The order marks the 200th signed by the president since taking office in January, and authorizes Defense Secretary Pete Hegseth and DOD officials to use secondary titles like "Department of War," "Secretary of War" and "Deputy Secretary of War" in public communications, official correspondence, ceremonial contexts and non-statutory documents within the executive branch, according to a fact sheet released by the White House.
Additionally, the executive order directs all executive agencies and departments to "recognize and accommodate these secondary titles in internal and external communications," as well as instructing Hegseth to recommend executive and legislative actions that would be required to permanently rename the department within 60 days.
To officially change the name of any Cabinet agency requires an act of Congress.
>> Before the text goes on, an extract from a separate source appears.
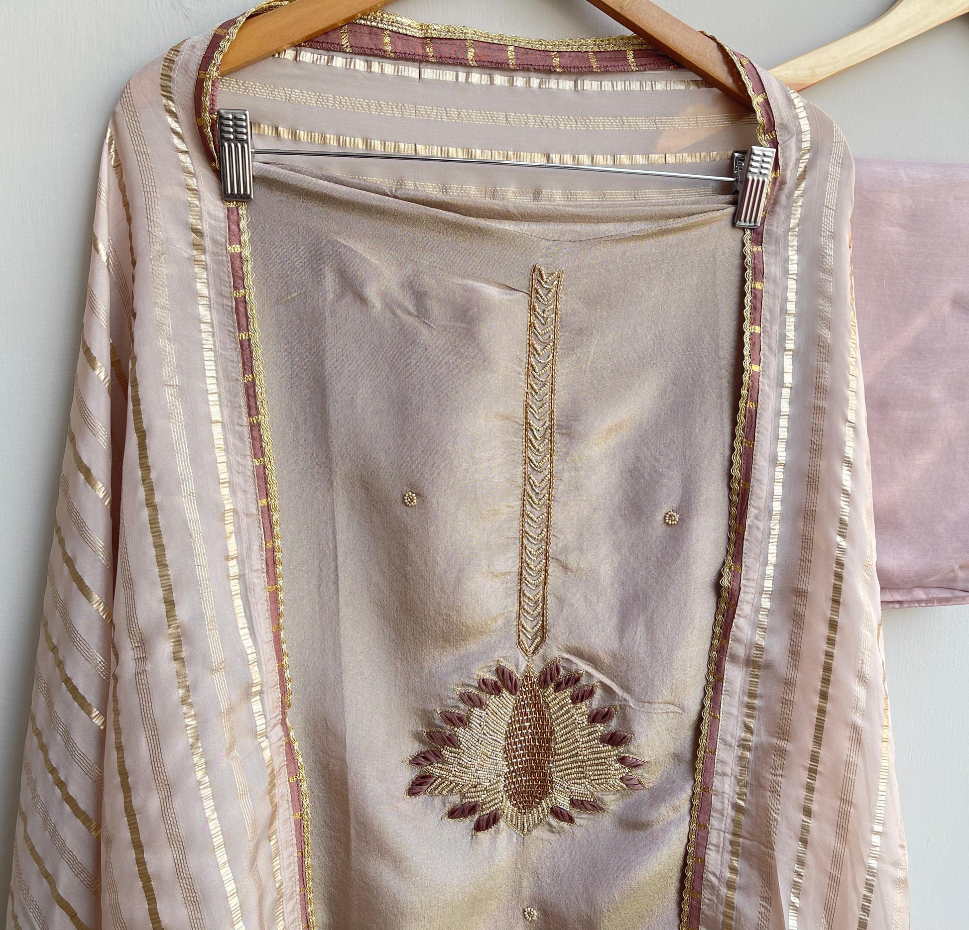 😊 pure shimmer silk fabric unstitched shirt with pearl resham embroidery

An amendment to the annual defense policy bill that would formally change the name of the Department of Defense to the Department of War.
Prior to signing the executive order, Trump said, "This is something [we've] thought long and hard about; we've been talking about it for months."
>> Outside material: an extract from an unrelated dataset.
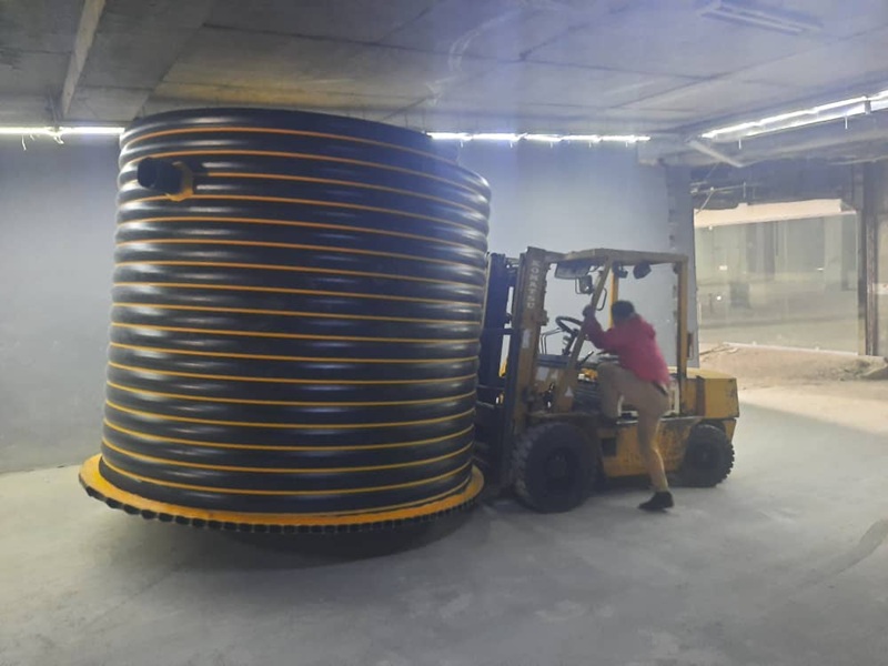 به جای مخازن معمولی، از مخازن اسپیرال کاروگیت با بدنه تقویت شده و طراحی ویژه برای نصب غیردفنی استفاده شد. این مخازن علاوه بر تحمل فشار داخلی، دسترسی مناسب برای نصب شیرآلات، آشغالگیر و تجهیزات کنترلی را فراهم کردند و ریسک نشتی و مشکلات بهره برداری را به حداقل رساندند.

“We’re going Department of War,” Trump said during an Oval Office signing ceremony. “I think it's a much more appropriate name, especially in light of where the world is right now.”
Standing alongside Trump, Hegseth said the name change signifies the department will focus on “maximum lethality, not tepid legality; violent effect, not politically correct.”
The War Department was originally established by Congress on August 7, 1789, the same year the Constitution was ratified. It was later renamed the Board of War and Ordnance in 1776 during the Revolutionary War. Nine years later, the Department of the Navy was established as its own Cabinet agency.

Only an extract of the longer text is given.